どうやらこの集落と言うか地域も例に漏れずに少子高齢化が進んでるらしい。

集落には本当に爺さん婆さんばかりだと。

父さんが一番の若手だとすれば相当進んでることになる。


「それにしても大きくなったな。里帰りとは立派な心掛けだ」

年末年始もお盆も戻ることが普通だった。それは今も変わらない。

ただ父さんが離れる以前から遠方と言うこともありあまり訪れていなかった。

離れてからも爺ちゃんと婆ちゃんが一人ずつになっただけで大した変化はない。

そう勝手に思い込んでいたがここでの思い出が歩けば歩くほど流れて来る。


爺ちゃんはそれはそれは厳しい人だったよな。

今でもきちんと挨拶しないと中にも入れてくれないんだろうな。

陸みたいにふざけてたら一生無理。


嫌な予感。これってまずい展開? 

陸のことだからついでに宇宙人についても聞く気だろうし。

ははは…… サマー部の合宿でもないんだしもう少し肩の力を抜こう。

俺が恐れてどうする? せっかくの帰省。楽しまなければ。


「それでおじさんは今日は何しに? 」

「一週間に一度山向こうの町で集落で取れた野菜や果物を売りに行ってたんだ。

今はその帰り。全部売れたから医薬品を買い足した。

怪我した時は遠慮せずに言うんだぞ」

「それはすごいな」

「ははは…… 少し急ぐぞ! 」

まだスピードを上げるそう。いくら下りでも無茶で危険。

本人は一切気にしてない様子。


「あれそっちは女の子ではないけ。おったまげた」

興味津々のお爺さん。まさか狙ってる? そんなはずないよな?

さっきから見えていたはずだが。
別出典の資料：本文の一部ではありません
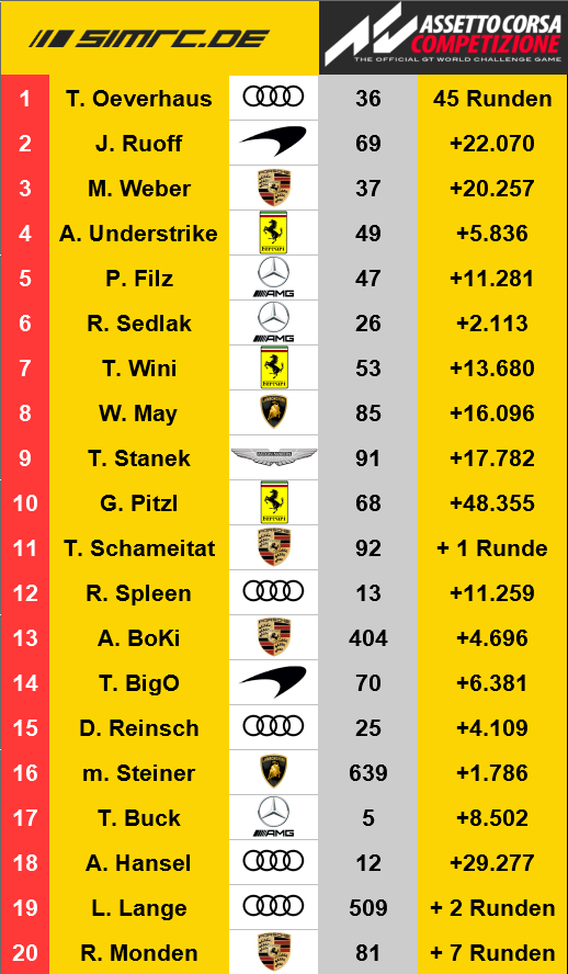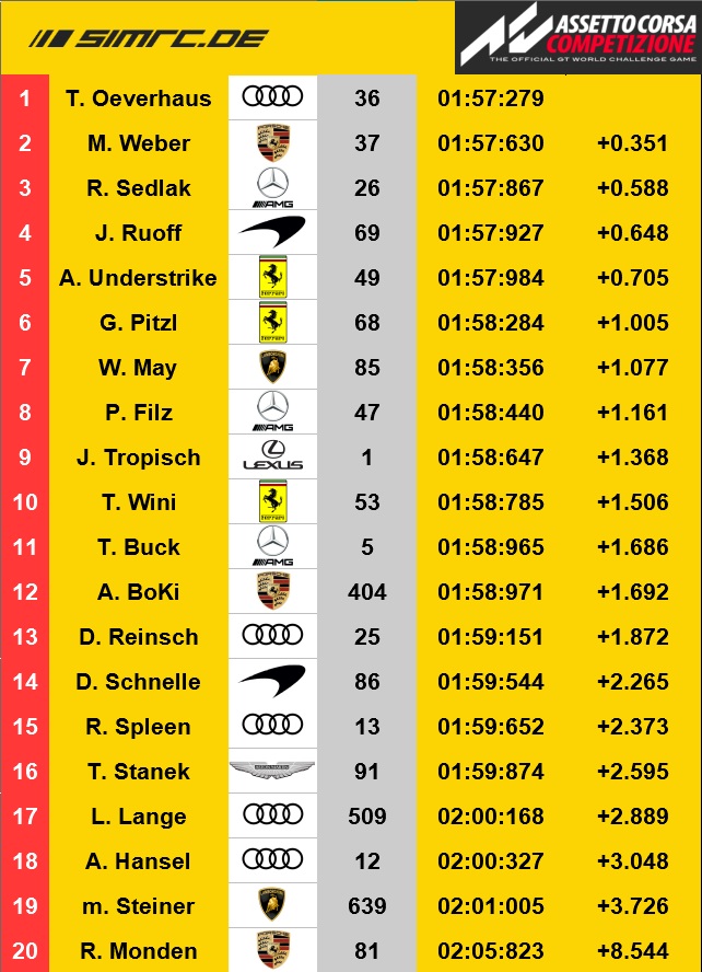 Überraschenderweise fanden sich unsere Fahrer in der Qualifikation bei völliger Dunkelheit wieder. Eine Fehlkonfiguration am Server brachte uns ein Nacht-Quali mit fröstelnden 9°C Luft- und Streckentemperatur. Was am Anfang für Verwirrung sorgte, zeigte in der Folge durch niedrige Temperaturen sehr schnelle Rundenzeiten. Nach viel Reibereien um die besten 5 Plätze konnte sich am Ende Oeverhaus im Audi R8 klar vor Weber im Porsche 991 II und Sedlak im Mercedes AMG durchsetzen. Filz im Mercedes AMG holte mit P8, gemessen am Teamkollegen Sedlak und Hauptkonkurrenten Weber, ein eher ernüchterndes Ergebnis.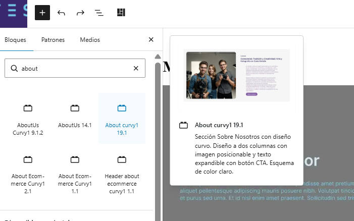 Añadimos ahora la cenefa de Nosotros con foto ( para explicar mi metodología de trabajo por ejemplo) . Repetimos con el más, la palabra en el buscador y con el cursor vemos las cenefas.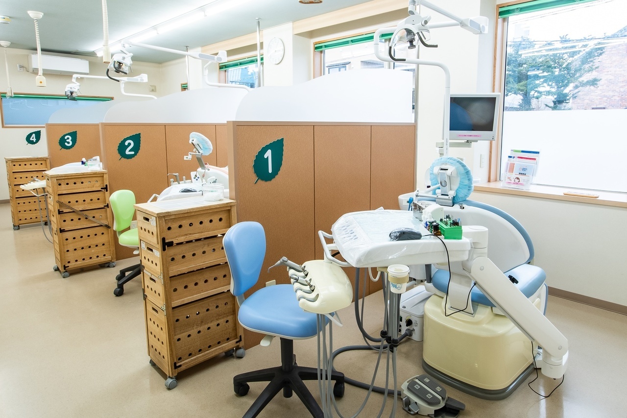 パーテーションのある半個室タイプの診療台で、プライバシーに配慮しています。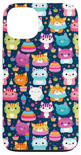 Kawaii Party Cat Cupcake Midnight Navy Festive Pattern Case for iPhone 13 Pro Max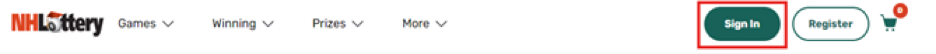 Sign in using the account icon in the upper-right portion of your screen. Select “Sign In” from the menu and enter your NH Lottery account credentials.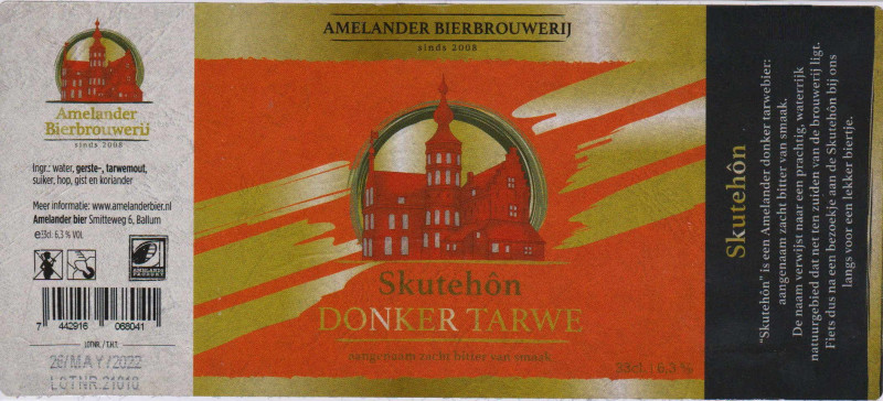 | Biernaam op etiket | Skutehôn Donker Tarwebier |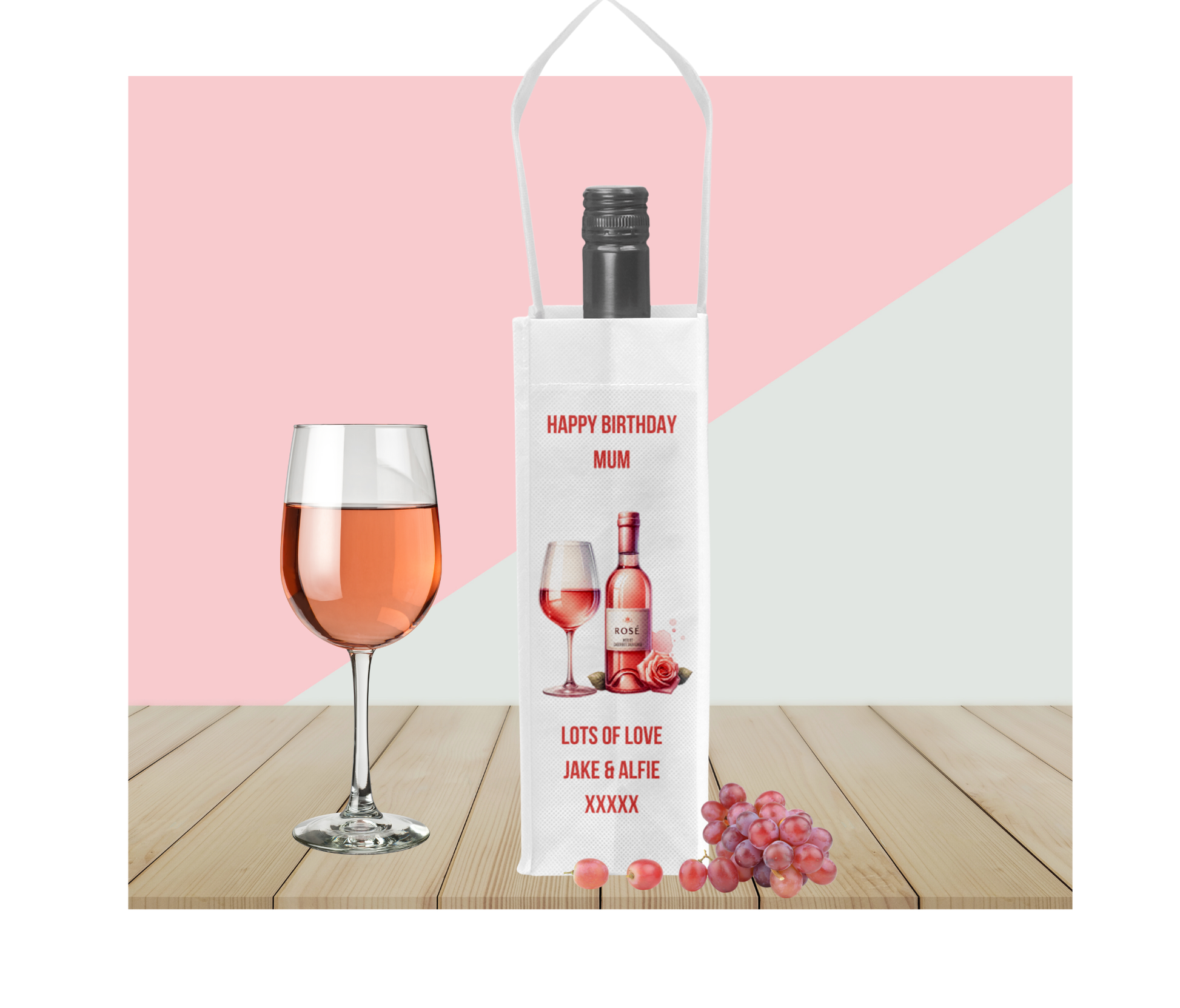 - The gift bag will hold a 75cl Bottle of Rose Wine.

目に入らなかったのか?

「まさか婚約の挨拶に来ただか? これはめでたい! 実にめでたい! 」

どう勘違いしたのか…… いや不思議でも何でもないか。

婚約か結婚の挨拶ぐらいにしかこんな集落に近づかないよな。

でも俺たちまだ高校生だしな。

それに本当はその結婚相手を探しにやって来た訳で……

「いえ違います。ただの結婚の報告ですよお爺ちゃん」

希ちゃんは真に受けずにただ首を振るがアイミはそうはいかな。

元ストーカーの自覚があるのかないのか適当なことを抜かす。


「するとこの大人しい女の子でなくこっちの騒がしい方かい。

しかし気をつけるといいよ。奥さんは怖くて…… いや厳しい人だ。

とは言えめでたいな。うん皆に知らせるぞ」

張り切り始めた。俺は何も言ってないのに勝手に。

恋人でもなければ将来を誓い合った仲でもない。


「それよりもさ教えてくれない? 」

アイミが調子に乗る。

出会ったばかりの集落の者に聞くことではないがこれも事前調査。

割り切るとしよう。

「そうだった。チュウシンコウについて何か知りませんか? 」

これさえ分かれば突破口になる。真実に近づけるはずだ。

チュウシンコウの謎が解ければ来た意味もある。

おじさんは思い出そうとするがどうもその辺のことは覚えがないそう。

「全然何も? 」

「済まんな。まったく」

集落の者でもチュウシンコウは知られてないらしい。


「ではな。急ぐから」

そう言って行ってしまう。

もうここまで来れば迷いはしない。